=== TASK DESCRIPTION ===
Search the data for the word "that" and copy every line where it occurs.

=== GIVEN DATA ===
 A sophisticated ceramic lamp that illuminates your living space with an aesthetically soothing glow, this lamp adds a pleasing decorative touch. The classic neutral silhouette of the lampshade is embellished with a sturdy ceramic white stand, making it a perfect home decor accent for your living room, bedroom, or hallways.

* * *

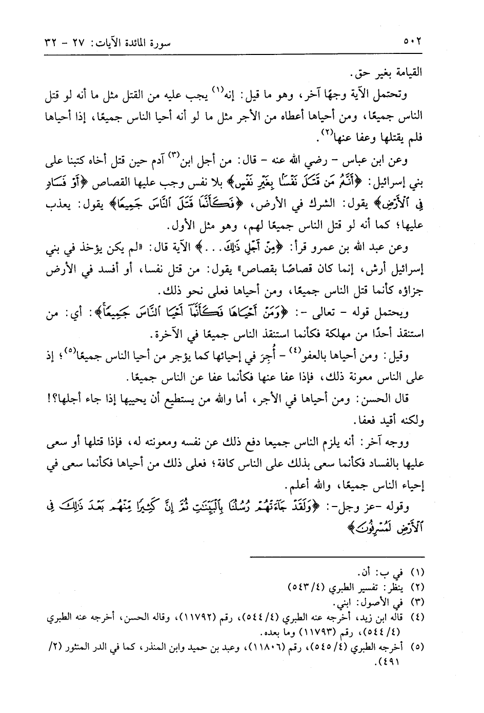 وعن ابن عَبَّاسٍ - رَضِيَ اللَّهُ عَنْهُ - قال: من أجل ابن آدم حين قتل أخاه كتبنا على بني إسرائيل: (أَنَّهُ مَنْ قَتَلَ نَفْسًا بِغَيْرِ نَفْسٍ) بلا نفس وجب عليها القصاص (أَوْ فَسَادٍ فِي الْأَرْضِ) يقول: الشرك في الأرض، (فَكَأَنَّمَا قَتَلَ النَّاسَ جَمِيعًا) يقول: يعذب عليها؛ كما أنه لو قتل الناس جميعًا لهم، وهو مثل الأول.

--

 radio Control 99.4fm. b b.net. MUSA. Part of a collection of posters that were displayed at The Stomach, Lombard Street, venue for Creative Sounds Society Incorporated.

=== WRITTEN ANSWER ===
 A sophisticated ceramic lamp that illuminates your living space with an aesthetically soothing glow, this lamp adds a pleasing decorative touch. The classic neutral silhouette of the lampshade is embellished with a sturdy ceramic white stand, making it a perfect home decor accent for your living room, bedroom, or hallways.
 radio Control 99.4fm. b b.net. MUSA. Part of a collection of posters that were displayed at The Stomach, Lombard Street, venue for Creative Sounds Society Incorporated.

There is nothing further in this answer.